Tip Geometries Achievable with PTFE on ONEX RF Systems

ONEX RF catheter tip forming systems support the full range of tip geometries required by interventional device designs, including for PTFE catheters in sizes from 2.5Fr to 36Fr. Achievable tip forms include:

• Straight-tapered tips — progressive reduction in outer diameter over a controlled length
• Edge radius tips — smooth flashless rounding for atraumatic insertion
• Rounded-edge tips — edge rounding on open-lumen catheters to eliminate sharp distal edges

Die materials compatible with PTFE forming on ONEX RF systems include stainless steel, carbide, and nickel — all selected for their magnetic properties, which determine how efficiently the induction coil couples with the die.

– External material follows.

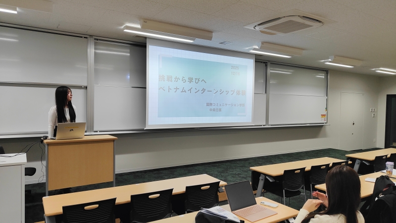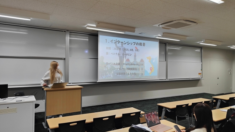 2025年12月16日(火)、「インターンシップ ベトナムクラス」(経済学部 三木担当)は4201教室にて成果報告会を行いました。プレゼンテーションのレベルは総じて高く、参加者の成長ぶりを感じさせる内容でした。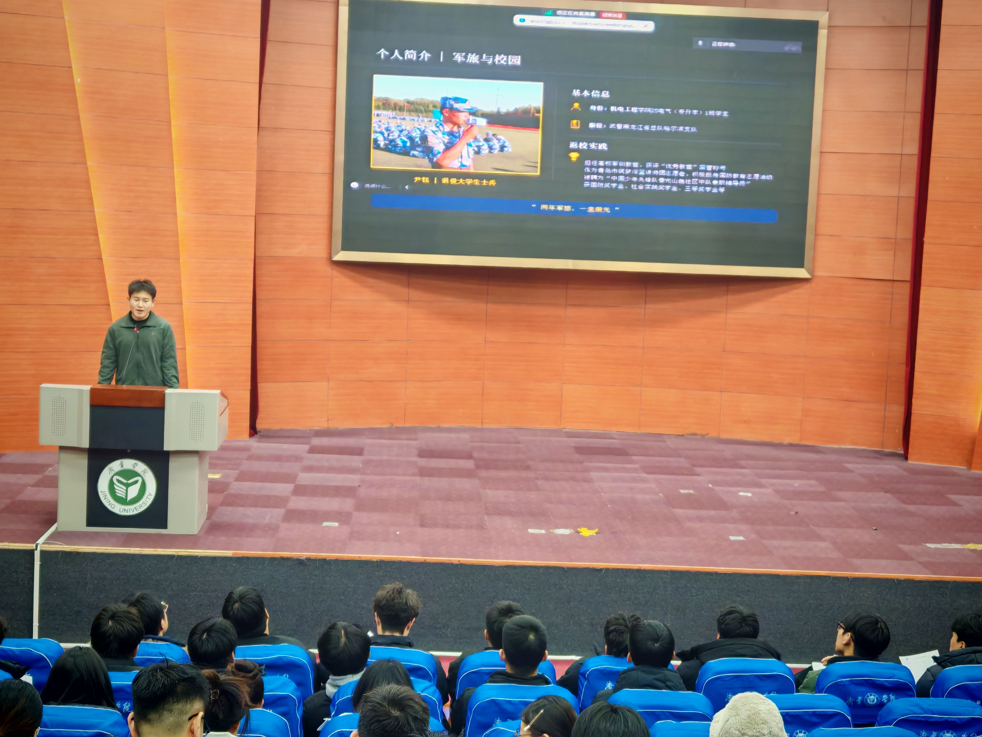 为深入学习贯彻习近平强军思想,扎实推进2026年征兵动员工作,精准普及征兵政策,进一步强化青年学子国防观念与爱国情怀,12月30日,机电工程学院在理科楼报告厅举办“青春献国防 逐梦在军营”征兵宣讲会。机电工程学院毕业班辅导员及2026届毕业生参加了此次宣讲会,会议由李威主持。

PTFE Coating in Catheter Manufacturing

Beyond bulk PTFE tubing, thin PTFE coatings — typically 1–10 micrometers thick, applied by spray or dip-coating methods — are widely used on forming dies and mandrels to prevent adhesion and aid part release during the tipping process. On the product side, PTFE coatings on metallic guidewires and needle surfaces reduce insertion friction and improve trackability. Understanding the interaction between PTFE-coated tooling surfaces and the catheter material being formed is an important element of process development for any tip forming operation.

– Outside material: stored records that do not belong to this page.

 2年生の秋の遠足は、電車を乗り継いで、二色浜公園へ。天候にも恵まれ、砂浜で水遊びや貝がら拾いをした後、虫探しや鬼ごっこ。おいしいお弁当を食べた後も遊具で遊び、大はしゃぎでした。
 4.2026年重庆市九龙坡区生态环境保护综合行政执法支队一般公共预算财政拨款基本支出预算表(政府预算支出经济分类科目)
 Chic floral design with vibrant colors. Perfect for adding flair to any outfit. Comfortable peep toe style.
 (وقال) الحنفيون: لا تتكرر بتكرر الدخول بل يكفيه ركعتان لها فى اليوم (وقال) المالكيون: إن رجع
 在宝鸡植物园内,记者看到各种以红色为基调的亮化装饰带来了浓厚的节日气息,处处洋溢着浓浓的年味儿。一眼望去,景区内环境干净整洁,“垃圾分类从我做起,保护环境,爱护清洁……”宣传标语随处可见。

Process Development and Turn-Key Solutions for PTFE Tipping

Because PTFE presents unique process challenges, engineering support during process development is often critical to a successful validation. ONEX RF provides process development services before and after equipment delivery: engineers test customer materials, optimize cycle parameters (temperature, pressure, heat zone position, cycle time), and ship equipment with a production-ready process already established. This approach reduces the time manufacturers typically spend working through PTFE's narrow processing window on their own — a step that can otherwise extend new product introduction timelines by weeks or months.

ONEX RF systems are also designed for the production floor environment. Equipment ships in 2–3 weeks, dies in 3–4 weeks. The compact footprint — approximately 13 by 22 inches for standard systems — fits into existing manufacturing cells. Air-jet cooling replaces water-cooling systems, eliminating the infrastructure, maintenance, and contamination risk associated with water-cooled equipment. All components, including electronics and RF systems, are manufactured by ONEX RF in Duarte, California, enabling rapid support and short lead times on replacement parts and custom die modifications.

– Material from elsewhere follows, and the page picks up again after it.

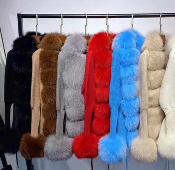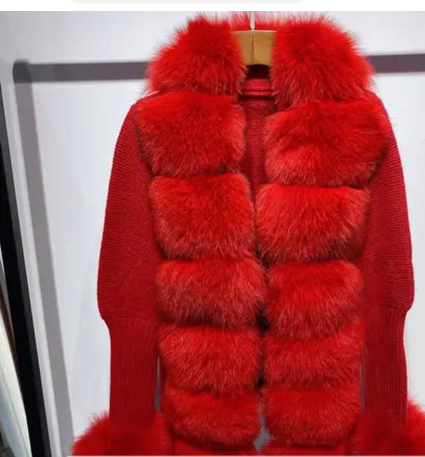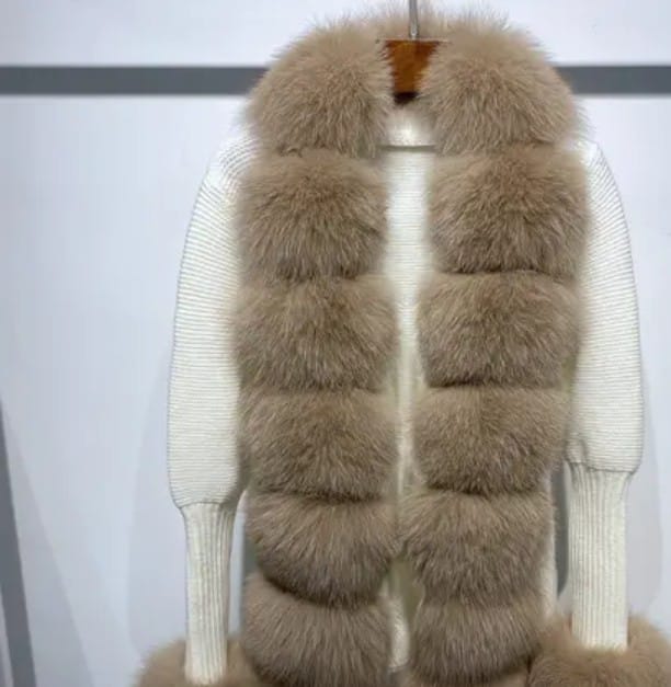 Ms.Foxy Diva 100%fox fur warm fluffy Cardigan sweater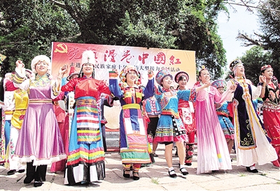 ③ 图③ 6月25日,“党旗漫卷中国红——走进56个民族家庭十年回访大型接力采风活动”在北京中华民族园举行。 本报记者 张 欣摄

Summary: PTFE and the Precision It Demands

PTFE remains an essential material in medical catheter manufacturing precisely because its performance characteristics — low friction, chemical inertness, biocompatibility — are difficult to match with any alternative. Its high melting point, combined with its non-stick surface energy, mean that forming consistent, atraumatic tips from PTFE tubing requires equipment engineered specifically for the task. Induction-based tip forming systems with closed-loop temperature, force, and position feedback — operating at die temperatures up to 500°C — provide the process control necessary to work reliably with PTFE and other high-performance catheter materials across production volumes.

For engineers and product developers working with PTFE catheters, the key is matching material behavior to equipment capability and supporting that combination with rigorous process documentation. ONEX RF designs its systems with that goal in mind, from the closed-loop HMI controls to the data logging and calibration modules that support FDA process validation requirements.